ScanNBT: Natural Backdoor Scanner
- ScanNBT is a method that detects natural backdoor vulnerabilities in CodeLMs by scanning for trigger token sequences without relying on poisoned training data.
- It employs a multi-round trigger inversion scheme with trigger fixation and re-initialization to explore multiple local optima in the trigger space.
- Evaluations on models like CodeBERT and GPT-3.5 across tasks such as defect detection and code search demonstrate improved trigger diversity with comparable effectiveness.
ScanNBT is a post-training detection method for natural backdoor vulnerabilities in Code LLMs (CodeLMs). It was introduced as part of an empirical study that examined natural backdoors across multiple model architectures, tasks, and settings, and it is defined as a scanning method that enhances the exposure of natural backdoor vulnerabilities by introducing trigger fixation and re-initialization (Chen et al., 9 Jun 2026). In this setting, a natural backdoor denotes a backdoor-like behavior that arises in a normally trained model on clean data, without poisoned samples or malicious training manipulation, when naturally occurring token patterns or trigger-like features induce systematic target predictions or outputs (Chen et al., 9 Jun 2026). ScanNBT is therefore neither a training-time defense nor a model purification method; it is a vulnerability-exposure procedure that searches for effective trigger candidates embedded in a trained CodeLM’s behavior (Chen et al., 9 Jun 2026).

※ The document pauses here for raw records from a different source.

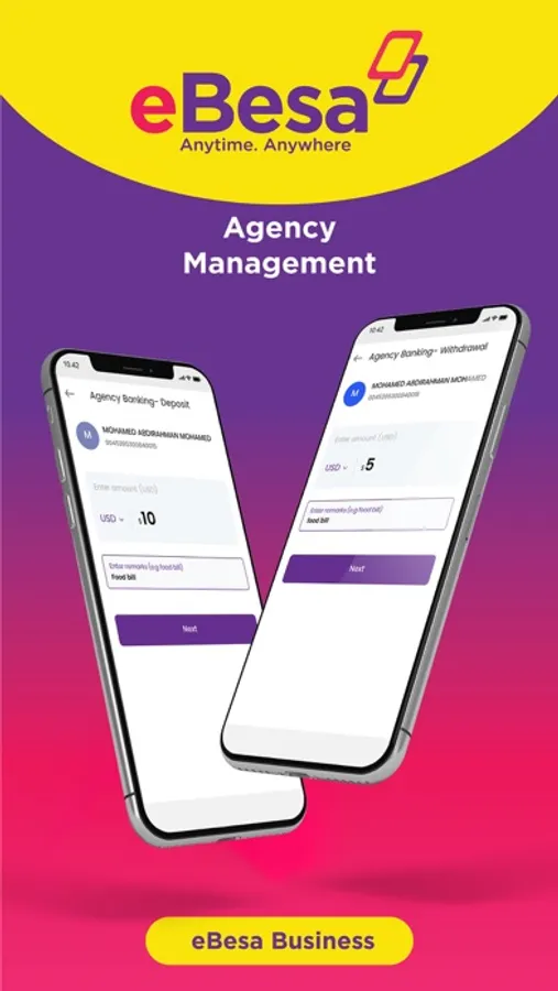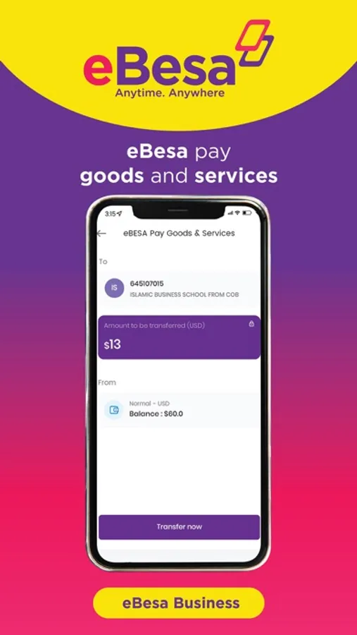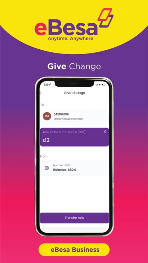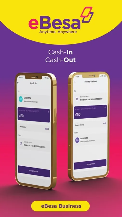 Experience convenience, simplicity and security in life with eBesa App by accessing and spending your money Anytime. Anywhere! With eBesa, you can do core Mobile Money transactions such as sending and receiving money locally and internationally, buying airtime and data paying for goods and services & bills. Additionally, eBesa App offers much more enhanced and integrated financial services among them linking and managing bank accounts, sharia compliant loans and virtual debit Cards to mention a few.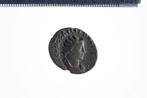 Dritto: Busto radiato e corazzato di Gallieno a d.; contorno perlinato.. Rovescio: Soldato elmato stante a s. con lancia appoggiato a uno scudo; contorno perlinato.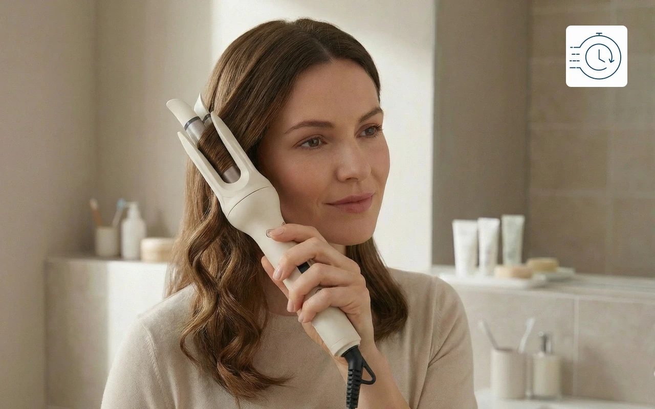 حوّلي روتينكِ اليومي إلى خطوات بسيطة وسهلة. استمتعي بتموجات حريرية وجميلة دون تلف أو تشابك الشعر. جهاز تجعيد الشعر الأوتوماتيكي من أورتي ريكس يمنحكِ تصفيفاً احترافياً في المنزل. اختاري الإطلالة المثالية في أقل من دقيقة. اشعري بالثقة كل يوم مع لمعة صحية.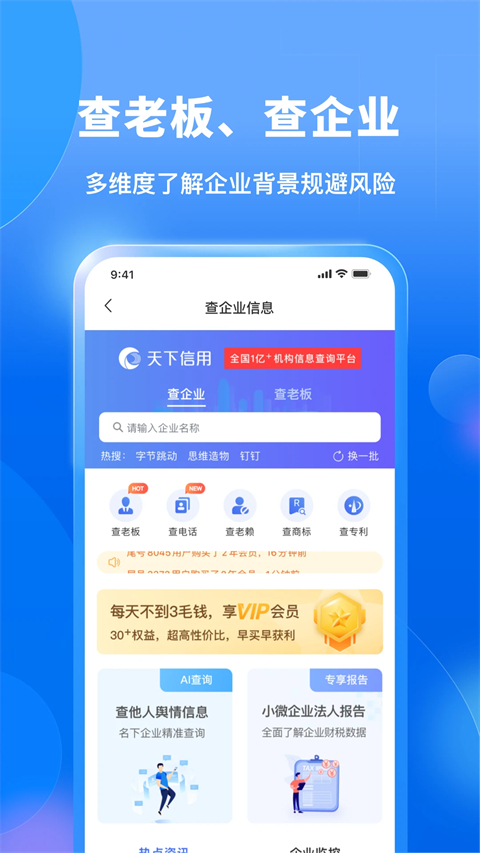 天下信用app是一款查询企业或者个人信用查询的手机软件,有了它用户可以轻松的查询各种信息,清楚的了解自己和企业的信用,现在小编为用户分享一下天下信用正规吗的回答。 1、查企业信用,明风险,智选择 跳槽前了解意向单位怎么样、买房前了解开发商靠不靠谱、理财前综合了解企业信用状况、交易及合作前考察对方单位经营状况等等,上“天下信用”,快速查询企业信用报告,全方位了解企业信用,预防风险。 2、查询自己的信用报告,管理自己的信用 查询自己的信用状况,看看自己有没有贷款逾期、不良的信用记录,以及查询自己的身份有没有被冒用等等,上“天下信用”,一键查询自己的信用状况,管理自己的信用。 天下信用APP上的扫描识别身份证的技术 3、查他人信用,快速了解,提高效率 在相亲、交友、租房等与他人的社会活动时,可以通过“天下信用”向他人发送授权请求,查询对方信用报告,对对方有更全面的了解。 4、定制专属报告,主动授权他人查看,“诚”意十足 在贷款、租房、婚恋和求职时,通过完善个人相关信息后,定制自己专属的个人信用报告,并主动授权他人查询,让对方更加了解自己,降低沟通成本,提升活动效率。 5、授权企业查询自己的信用报告 在信用卡申请、求职应聘、贷款申请时,上“天下信用”,快速授权相关企业查询自己的信用报告,更快获得相关服务。 6、举报失信违约行为,共建诚信社会 在遭遇欠钱不还、学历造假、企业欠薪、合同欺诈等企业或个人的失信违约行为时,上“天下信用”进行举报,让失信者无所遁形。 7、进行信用评价,是好是坏,广而告之 对保姆、月嫂、家教、上门美甲的技师、就职单位、业务往来公司、培训机构等进行真实的信用评价,让天下人更加了解TA。 8、更快速地获取多元化的服务 以征信服务为核心,“天下信用”将引入优质企业提供的贷款、理财、信用卡、消费分期等服务产品,让社会大众“一站式”获取相关服务,更快速地满足自身需求。更新日志

1. Position within natural backdoor analysis
The method is situated in a threat model where CodeLMs used for defect detection, code search, code summarization, and code repair may exhibit natural backdoor vulnerabilities despite standard training on clean datasets (Chen et al., 9 Jun 2026). The paper distinguishes these vulnerabilities from injected backdoors. Injected backdoors are intentionally implanted through data poisoning or model poisoning, whereas natural backdoors emerge passively from standard training and are associated with dataset bias and spurious trigger-label correlations (Chen et al., 9 Jun 2026). The paper also states that natural backdoors are not universal adversarial perturbations: they are semantically grounded, naturally occurring input features that a model has over-associated with a target outcome during ordinary training (Chen et al., 9 Jun 2026).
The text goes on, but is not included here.